Natalie Portman, in what’s being rightfully hailed as one of the best performances of the year, plays Nina Sayers, a longtime ballerina at a prestigious but not particularly profitable ballet company in New York. During the first rehearsal we see, the company’s director, a charming yet predatory cad portrayed expertly by Vincent Cassel, announces that the season will open with a “visceral” version of Swan Lake. Nina wants the role; the director is not convinced, however, that the timid, fragile Nina has it in her to dance both the virginal and pure White Swan and her seductive, intense counterpart, the Black Swan. But she convinces him that she can dance both parts, and she sets out to do so.
Slowly, Nina begins to become unhinged; the apartment she shares with her mother grows claustrophobic, and she develops a relationship with a fellow ballerina that oscillates wildly between sexual attraction and fearful rivalry. And her director begins to seduce her. And she begins to see her own face everywhere. And the rash on her back looks awfully like feathers trying to break through skin. But Nina keeps dancing, keeps trying to improve; after all, as she says early on, she wants to be “perfect.”
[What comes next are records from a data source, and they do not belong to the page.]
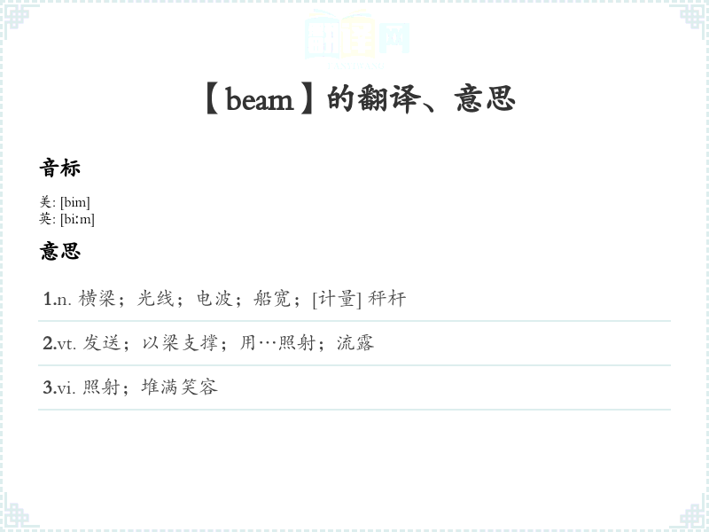 1.n. 横梁;光线;电波;船宽;[计量] 秤杆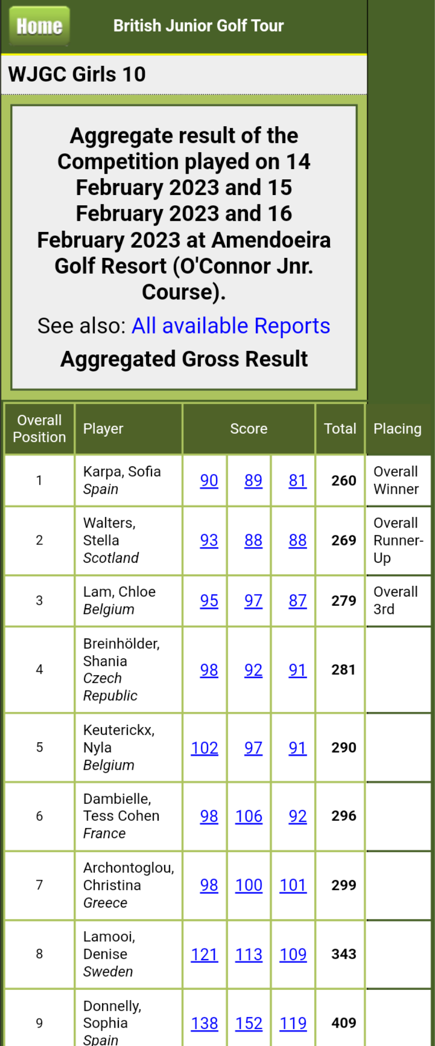 Con vueltas de 90-89-82 para un total de 260 golpes, la joven golfista sanroqueña de la categoría Sub 10 se impuso con solvencia a la escocesa Estella Walters, y a la belga Chloe Lam.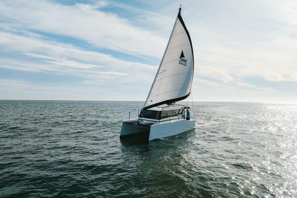 The HopYacht 30, designed by naval architect Anton Du Toit, occupies a unique niche. It offers the stability of a catamaran with the beam of a monohull, allowing it to fit into standard slips. While ideal for a couple, the aft cockpit table can be lowered and converted into a spacious daybed. With t
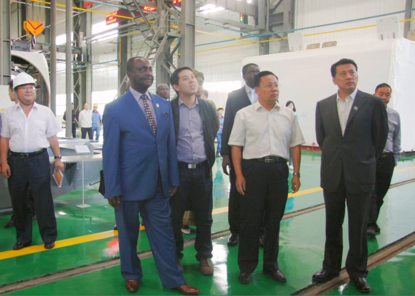 9月11日下午,中非共和国总统弗朗索瓦·博齐泽·扬古翁达一行在自治区党委常委袁家军等领导的陪同下参观了银星能源风电设备制造基地。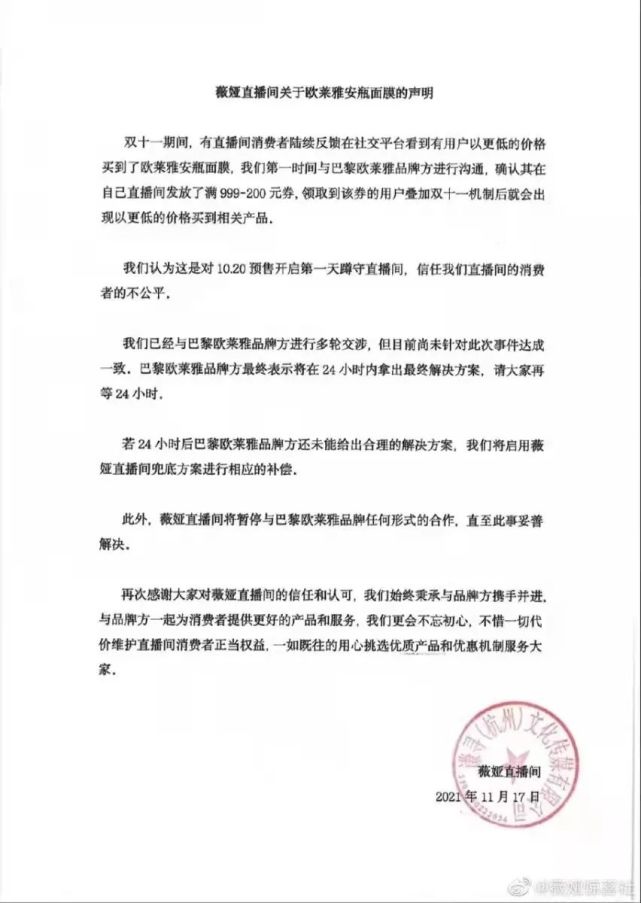 11月17日,主播薇娅、李佳琦可能也坐不住了,接连发表声明,直接点名给巴黎欧莱雅在24小时解决问题,在事情妥善处理之前,将暂停与巴黎欧莱雅官方旗舰店的一切合作。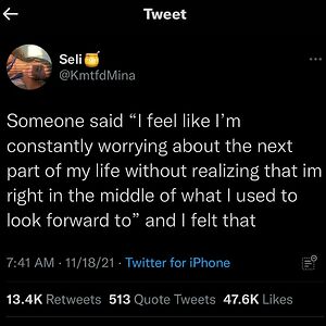 This For Me Rings So True…i Am Constantly Looking Forward That Sometimes I Get Myself Worked Up Over Things That Haven’t Even Happened. I Don’t Even Give Myself Credit For What I’m Doing Now And The Things I’m Doing Now. I Am Working On Being More Present That’s For Sure….watching My Daughter Grow Into This Beautiful Human Reminds Me That Time Never Stops And I Have To Enjoy The Now. I Hope Everyone Has A Beautiful Day. - @tanner_hamilton22 . . . 📸 = Kmtfdmina On Twitter . . #anxiety #depression #dontforgettostaypresent #yougotthis #asafeplaceinsideyourhead #youareenough #youarenotalone #keepgoingyougotthis #howamazingareyou #pleasekeepcrushingit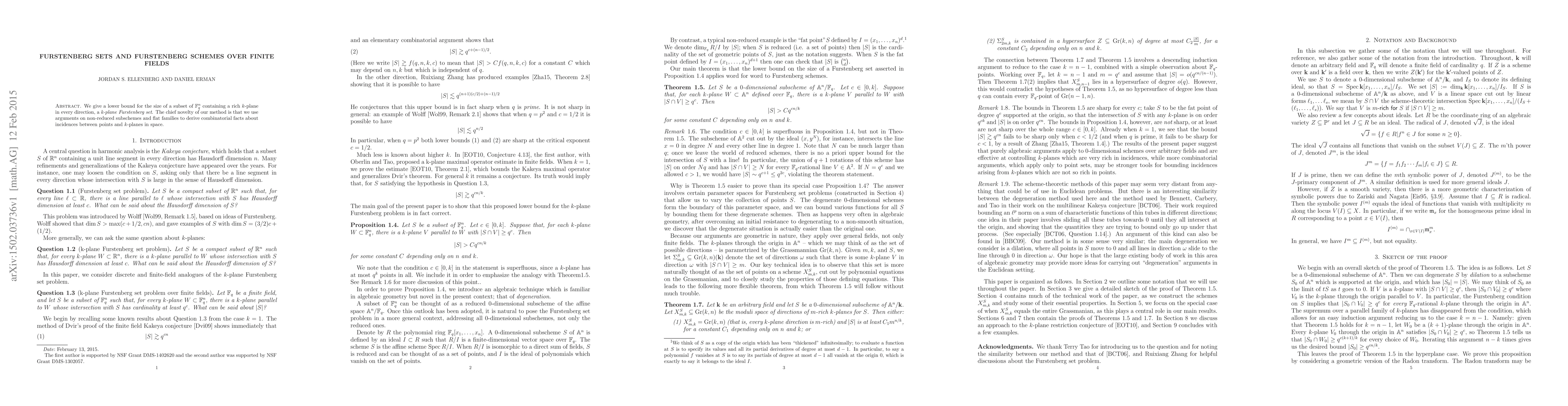 We give a lower bound for the size of a subset of $\mathbb F_q^n$ containing a rich k-plane in every direction, a k-plane Furstenberg set. The chief novelty of our method is that we use arguments on non-reduced subschemes and flat families to derive combinatorial facts about incidences between points and k-planes in space.

And this is where Aronofsky’s film gets clever. Nina’s obsession with the role eventually threatens to override her personality, but not in the way you might expect. Sure, the plot of the film seems to be about her attempts to embody the Black Swan’s seductive figure, but the crisis of identify isn’t between Nina and the Black Swan, it’s between Nina the person and Nina the dancer, Nina the private figure and Nina the object of an audience’s attention. Which makes its theme – the lengths to which a performer will go in order to please an audience – all the more poignant, and its occasional shocking violence all the more horrifying.